Deploying processing functions on a many-core grid: Mathematical optimization modelling and methodology

Abstract

When hardware platforms with over 1000 logical cores are used for signal processing, the optimization of latency and core utilization is key for efficient processing. To describe signal processing software, a consistent tool is that of a processing graph, where each node represents a data processing function. The problem of optimally deploying such processing functions from a graph, onto a many-core platform in the form of a grid, is considered in this thesis. A mathematical optimization model in the form of a mixed-binary linear programming model is proposed by decomposing the processing graph using a function sequence framework. A case processing graph is then deployed to two different grids by using the branch-and-bound method to solve the models to optimality.
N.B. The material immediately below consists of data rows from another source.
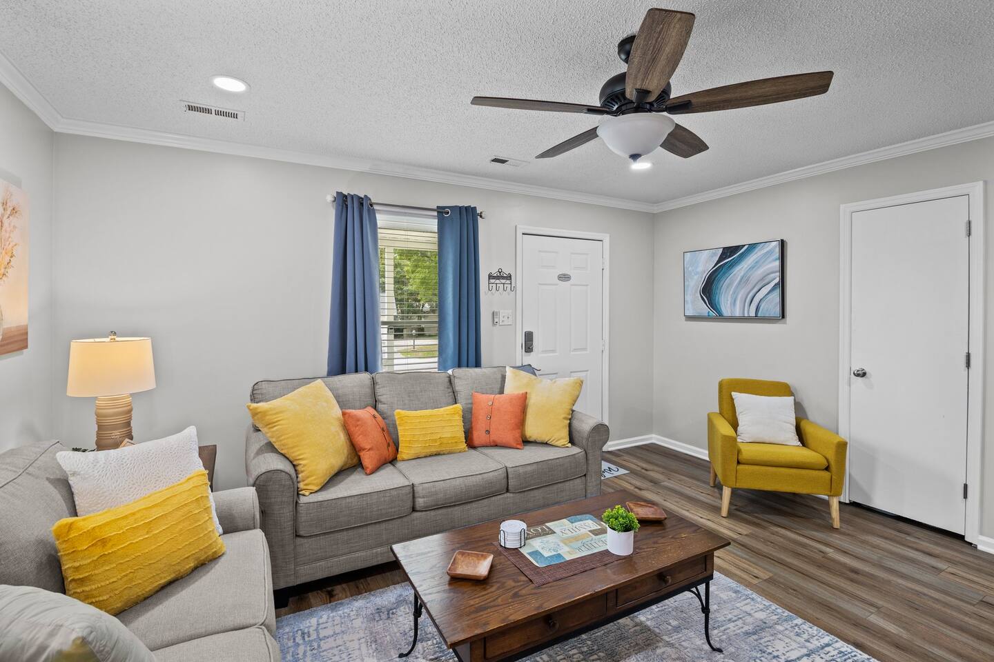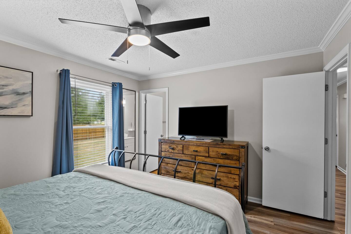 1100 square foot home | 50" TV | TVs in every room | King Bed | Fenced yard Our home is dog friendly (no cats) with an additional pet fee of $125. Bring the family! LIVING ROOM Enjoy watching a 50 inch flat screen TV from comfy leather sofas in the living room. There is a small desk/ work station with fast Wi-Fi, great for setting up your laptop in the kitchen. Waterproof, durable LVP flooring makes hosting pets a breeze! MASTER BEDROOM The comfortable master suite features king size bed with large dresser and private bathroom. Stream your favorite shows on a 43" Roku TV. All beds and pillows are fully encased. All bedroom closets have extra blankets. MASTER BATHROOM Enjoy a private master bathroom all to yourself. Shampoo, conditioner, body wash, hand soap, towels, and wash clothes are provided. MASTER CLOSET The master closet has extra blankets, plenty of hangers, and a pack n' play for families with toddlers. KITCHEN The kitchen table seats 6 adults comfortably. The kitchen itself is fully stocked with all the utensils and appliances needed to prepare home-cooked meals. We provide Keurig and drip coffee makers, coffee, creamer, and sweeteners. A full laundry closet is located in the kitchen as well. 2 ADDITIONAL BEDROOMS The other two cozy bedrooms share a full bath. One bedroom features a queen size bed, dresser, closet, and smart TV. The other bedroom has two twin beds, a small dresser in the closet, and a wall-mounted Roku TV. BACKYARD The large, fenced-in backyard is perfect for kids and pets. Privacy fence makes it feel like your own private oasis. Enjoy a cup of morning coffee on the back porch with table and two chairs. PARKING The driveway easily holds three cars and extra cars are welcome to park on the grass and on the street in front of the house. Travelers with work trailers, boat trailers, or RVs will have room to back in the driveway and park in the grass by the house. LAUNDRY Free on-site washer and dryer. We provide a couple of laundry pods and dryer sheets. Iron and ironing board are provided. GENERAL Free Wi-Fi Towels and linens provided Shampoo, conditioner, body wash provided Drip coffee and Keurig Free in-unit washer and dryer Central heat and AC Hangers, iron, ironing board Trash bags, paper towels, napkins LOCATION 2 miles from Bosch 2.6 miles from Neighborhood Walmart 4.5 miles from Carolina East Medical Center 6 miles from downtown where you will find Union Point Park, Tryon Palace, the Birthplace of Pepsi Cola, and the Bear Towne Escape Room to name a few 6 miles from Weyerhauser 9 miles from Lawson Creek park with public boat/ kayak launch 11 miles from the Coastal Carolina Regional Airport 26.5 miles from Cherry Point 45 miles from Atlantic Beach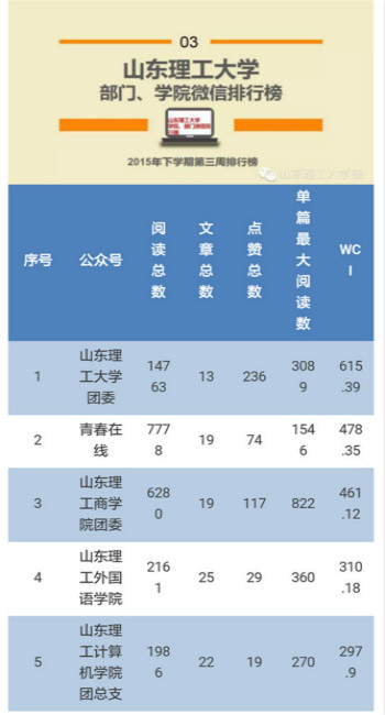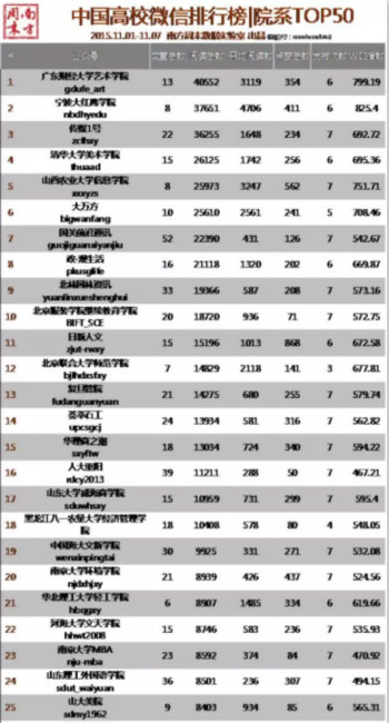 11月10日下午,微信公众号“南方周末数据实验室”更新消息,由学院新媒体工作室自主运营维护的学院官方微信“山东理工WilliamHill中文”(sdut_waiyuan)在中国高校微信排行榜之院系TOP50中荣获第24名的好成绩,这是我校首个院系微信公众号荣登该光荣榜;据校报最新统计,该微信平台位列全校院级微信平台第2名,学校第4名;近十天,推送信息日阅读总量三次破千,学院网络思想政治教育再上新台阶。 据悉,学院始终坚持以党的十八大精神及习近平总书记重要讲话精神为指导,按照共青团中央相关精神及校团委的工作部署,以“目标明确、特色突出、思路创新、技术到位、实效鲜明”为原则,领导重视,科学指导,团队合作,不断创新微信公众平台的运营模式。该平台自2013年4月创建,2014年12月着手改版、规范及宣传,2015年4月通过官方认证,微信平台教育工作全面铺开,推送内容以“知外院”、“专题栏”、“互动区”为自定义菜单,以“班级风采秀”、“微树洞”、科技竞赛活动等为特色专题,围绕“知·天下事”、“展·院风采”、“扬·正能量”、“观·外文窗”、“秀·趣生活”、“赢·在职场”六大板块展开,至今平台关注量、消息阅读量、转发量、点赞量日益攀升,新媒体服务水平得到广大师生的一致认可。(撰稿:朱岩)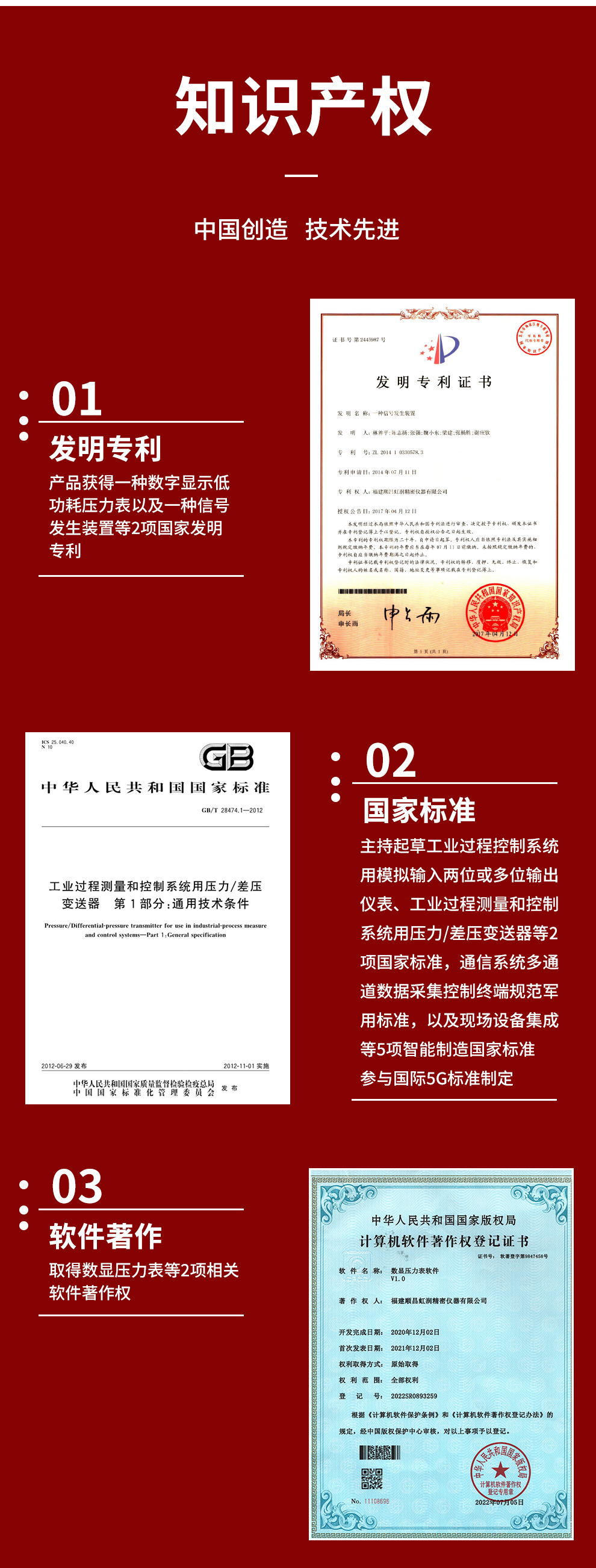 虹潤(rùn)公司是專業(yè)生產(chǎn)數(shù)顯壓力表的國(guó)家專精特新“小巨人”企業(yè)。生產(chǎn)的智能數(shù)字壓力表,具有氣體液體通用,測(cè)量精度高,自動(dòng)溫度補(bǔ)償,響應(yīng)速度快,電池供電低功耗漂移小等特點(diǎn)。產(chǎn)品獲得一種數(shù)字顯示低功耗壓力表以及一種信號(hào)發(fā)生裝置等2項(xiàng)國(guó)家發(fā)明專利,主持起草工業(yè)過(guò)程控制系統(tǒng)用模擬輸入兩位或多位輸出儀表、工業(yè)過(guò)程測(cè)量和控制系統(tǒng)用壓力/差壓變送器等2項(xiàng)國(guó)家標(biāo)準(zhǔn),通信系統(tǒng)多通道數(shù)據(jù)采集控制終端規(guī)范軍用標(biāo)準(zhǔn),以及現(xiàn)場(chǎng)設(shè)備集成等5項(xiàng)智能制造國(guó)家標(biāo)準(zhǔn),參與國(guó)際5G標(biāo)準(zhǔn)制定,取得數(shù)顯壓力表等2項(xiàng)相關(guān)軟件著作權(quán)。產(chǎn)品廣泛石化、冶金、電力、制藥、食品、航空航天、工業(yè)循環(huán)水系統(tǒng)等諸多領(lǐng)域。

To cope with the computational complexity of branch-and-bound for large grids and processing graphs with many nodes, a column generation approach is taken. To this end, two different Dantzig-Wolfe decompositions of the model are made, each dividing the original model formulation into one master and one subproblem. In the first decomposition, the subproblem constraint matrix is block-diagonal. The second decomposition lacks this property. The column generation method is then applied to each of the two decompositions to search for approximately optimal solutions to the test cases. Column generation is then compared to branch-and-bound in terms of resulting binary solutions, objective values, and computational running time. The results indicate that the column generation can be used to search for improvements in an initial feasible solution. But the improvements were very small for the current proposed model and decompositions. To further develop the method it is suggested that constraints or costs that reduce symmetries within the model, are introduced. Compared to branchand- bound, the running time shows that column generation has the potential to be a viable alternative method to solve the deployment problem.